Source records
====================

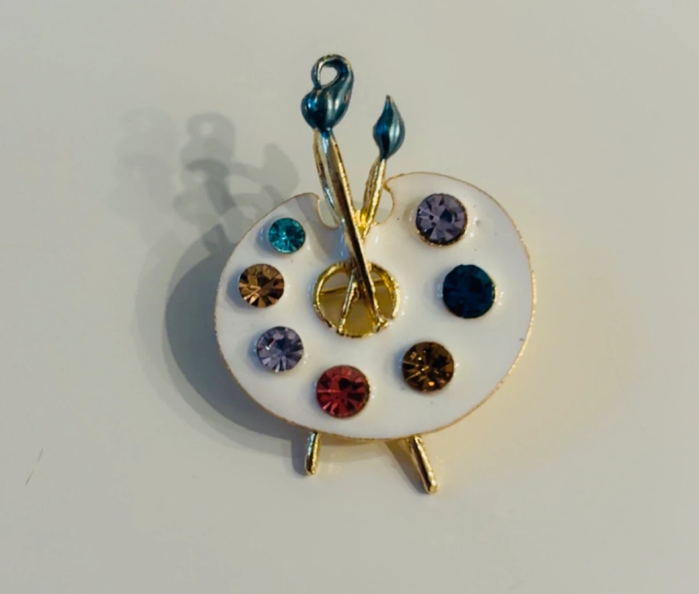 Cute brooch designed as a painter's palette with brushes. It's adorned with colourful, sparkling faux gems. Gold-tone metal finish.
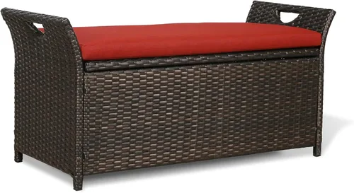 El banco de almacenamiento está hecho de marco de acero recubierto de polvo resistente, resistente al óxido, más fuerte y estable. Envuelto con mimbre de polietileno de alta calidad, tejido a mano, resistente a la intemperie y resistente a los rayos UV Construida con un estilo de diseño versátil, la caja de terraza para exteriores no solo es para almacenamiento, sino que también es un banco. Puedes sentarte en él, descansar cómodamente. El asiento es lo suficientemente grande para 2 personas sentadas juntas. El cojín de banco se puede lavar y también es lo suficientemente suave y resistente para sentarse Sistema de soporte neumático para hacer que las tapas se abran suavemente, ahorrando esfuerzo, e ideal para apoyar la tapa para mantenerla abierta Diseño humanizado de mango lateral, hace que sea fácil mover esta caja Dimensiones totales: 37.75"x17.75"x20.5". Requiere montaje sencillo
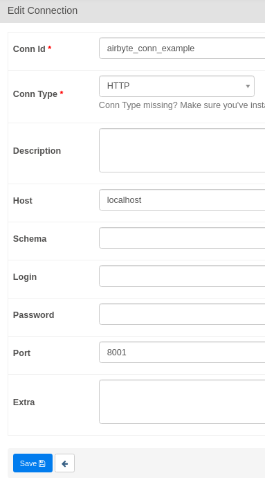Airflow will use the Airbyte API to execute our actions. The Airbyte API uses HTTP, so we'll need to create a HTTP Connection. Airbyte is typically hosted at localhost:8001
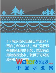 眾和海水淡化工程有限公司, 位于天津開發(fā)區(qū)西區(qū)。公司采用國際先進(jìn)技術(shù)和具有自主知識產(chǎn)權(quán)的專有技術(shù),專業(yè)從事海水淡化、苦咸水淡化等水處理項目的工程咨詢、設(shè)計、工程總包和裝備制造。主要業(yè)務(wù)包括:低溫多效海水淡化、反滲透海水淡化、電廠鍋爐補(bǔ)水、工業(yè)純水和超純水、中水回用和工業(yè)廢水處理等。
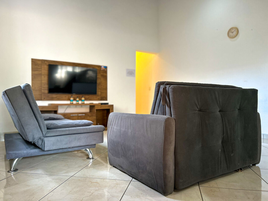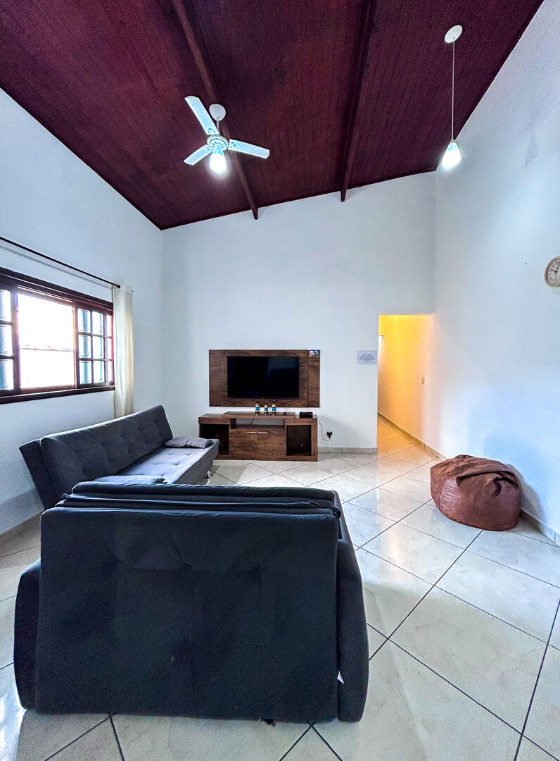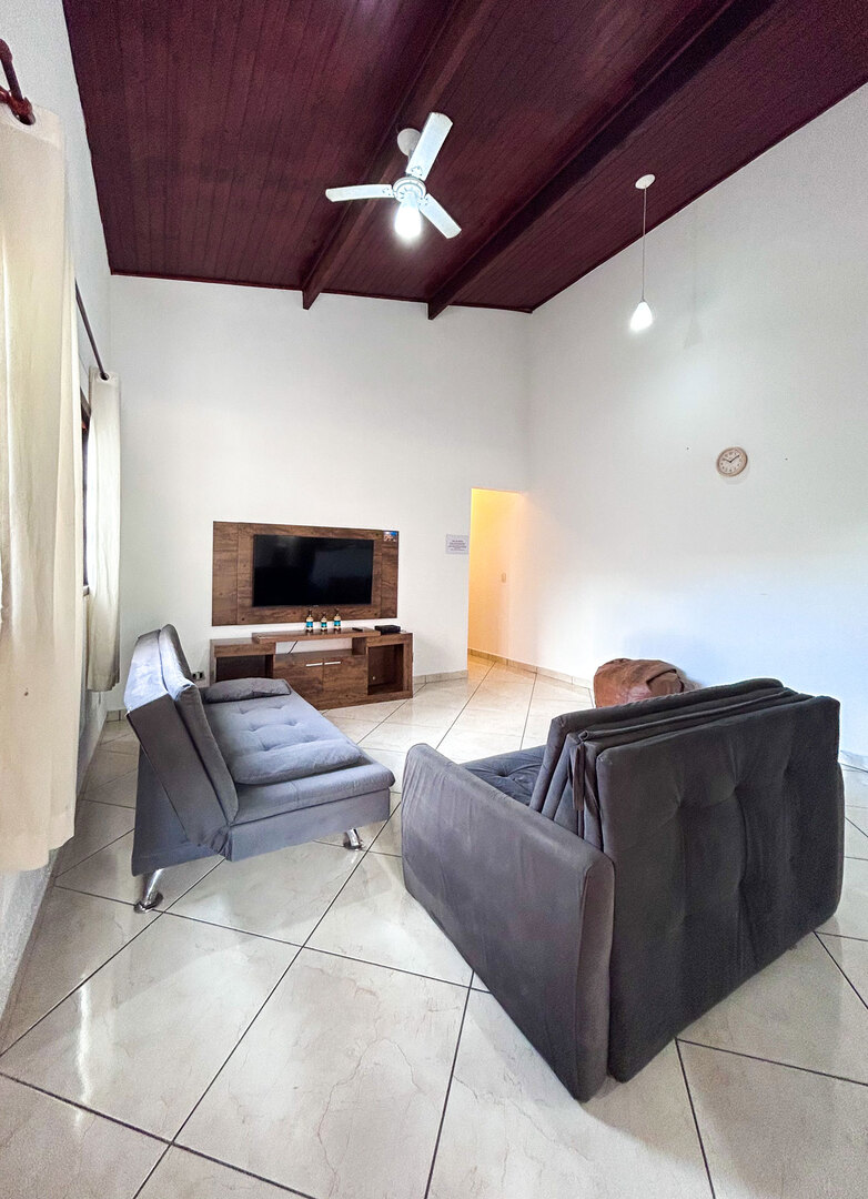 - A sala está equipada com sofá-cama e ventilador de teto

====================

Work to complete:
The exact lines from the one containing "Airflow will use" through the end of the data are to be copied, with both ends kept and pictures left out.

Exercise response:
Airflow will use the Airbyte API to execute our actions. The Airbyte API uses HTTP, so we'll need to create a HTTP Connection. Airbyte is typically hosted at localhost:8001
 眾和海水淡化工程有限公司, 位于天津開發(fā)區(qū)西區(qū)。公司采用國際先進(jìn)技術(shù)和具有自主知識產(chǎn)權(quán)的專有技術(shù),專業(yè)從事海水淡化、苦咸水淡化等水處理項目的工程咨詢、設(shè)計、工程總包和裝備制造。主要業(yè)務(wù)包括:低溫多效海水淡化、反滲透海水淡化、電廠鍋爐補(bǔ)水、工業(yè)純水和超純水、中水回用和工業(yè)廢水處理等。
 - A sala está equipada com sofá-cama e ventilador de teto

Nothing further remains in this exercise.